Jackson: Fallout from scandal hurt minority firms

Some successful investment firms were unfairly terminated, Jackson said.
COLUMBUS (AP) -- The Rev. Jesse Jackson on Thursday criticized a state decision that eliminated some minority-owned investment firms, and Gov. Ted Strickland promised a new investment system open to the best-qualified companies while avoiding any suggestion of quotas.
"What we're talking about here is trying to expand opportunity," Strickland said after a private meeting with Jackson.
Jackson criticized the November 2005 decision by the state insurance fund for injured workers to terminate managers of equity and fixed-income investment funds.

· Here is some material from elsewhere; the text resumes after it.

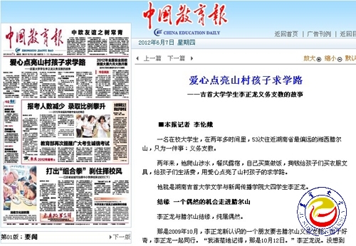 本网讯(记者 苏卫平)继教育部网站、人民网、湖南卫视、湖南教育电视台、星辰在线、湘西电视台、团结报等媒体报道了必赢官网学子李正龙义务支教的故事后,6月7日,《中国教育报》头版头条刊登了题为“爱心点亮山村孩子求学路——必赢nn699net官网学生李正龙义务支教的故事”的通讯文章,全文长达2590字,对必赢官网文学与新闻传播学院新闻学专业2008级学生李正龙默默在湘西凤凰县腊尔山拉忍村小学义务支教的先进事迹作了全面报道。

The state Workers' Compensation Oversight Commission fired 69 managers of equity and fixed-income investment funds to allow the agency to shift money to more secure investments while it retooled its financial policies. Equity funds are those that invest primarily in stocks.
The firings came as the Ohio Bureau of Workers' Compensation revamped its operations after a corruption scandal that revealed an unorthodox 50 million investment in rare coins.
Further investigations revealed a questionable hedge fund that lost 215 million. That fund, MDL Capital Management of Pittsburgh, was also a minority-owned firm.
Calls firings unfair
Jackson said successful minority- and women-owned companies were unfairly terminated as a result.
"Ohio had one of the most inclusive pension fund plans in America and some of the best returns by managers, and just unilaterally wiped out the whole program," Jackson said.
He pointed to Chicago-based Ariel Capital Management, which grew its original 150 million investment by more than 100 million before it was fired.
Jackson made public an e-mail from Ariel vice president James Smith describing the positive impact the workers' comp investment program made on minority-owned firms.
"However, since the OBWC manager terminations took place, opportunities for minorities seem to have diminished," Smith said in the e-mail dated Wednesday.
Smith declined to comment and referred calls to company headquarters where a message was left.
The workers' comp bureau said about 12 percent of its 15 billion portfolio was managed by minority-owned companies just prior to the terminations.
Governor's response
Strickland said it was unfortunate that companies not involved in any wrongdoing were caught up in the terminations.
He also said his promised revamping of the insurance fund would take political considerations out of the investment process to focus on hiring the best-qualified companies to help Ohio.
At an informal, half-hour news conference after their meeting, Jackson and Strickland politely but firmly pressed their points on each other.
Addressing Strickland, standing 2 feet away, as "governor," Jackson urged him "to consider convening those pension fund managers who had such great records and consider them again to become managers of capital."
For his part, Strickland tried repeatedly to make the point that the firings grew out of unique occurrences.
"What happened with BWC, reverend," Strickland said at last, "was a set of circumstances that developed because of some very bad behavior on the part of some people who were not following ethical practices."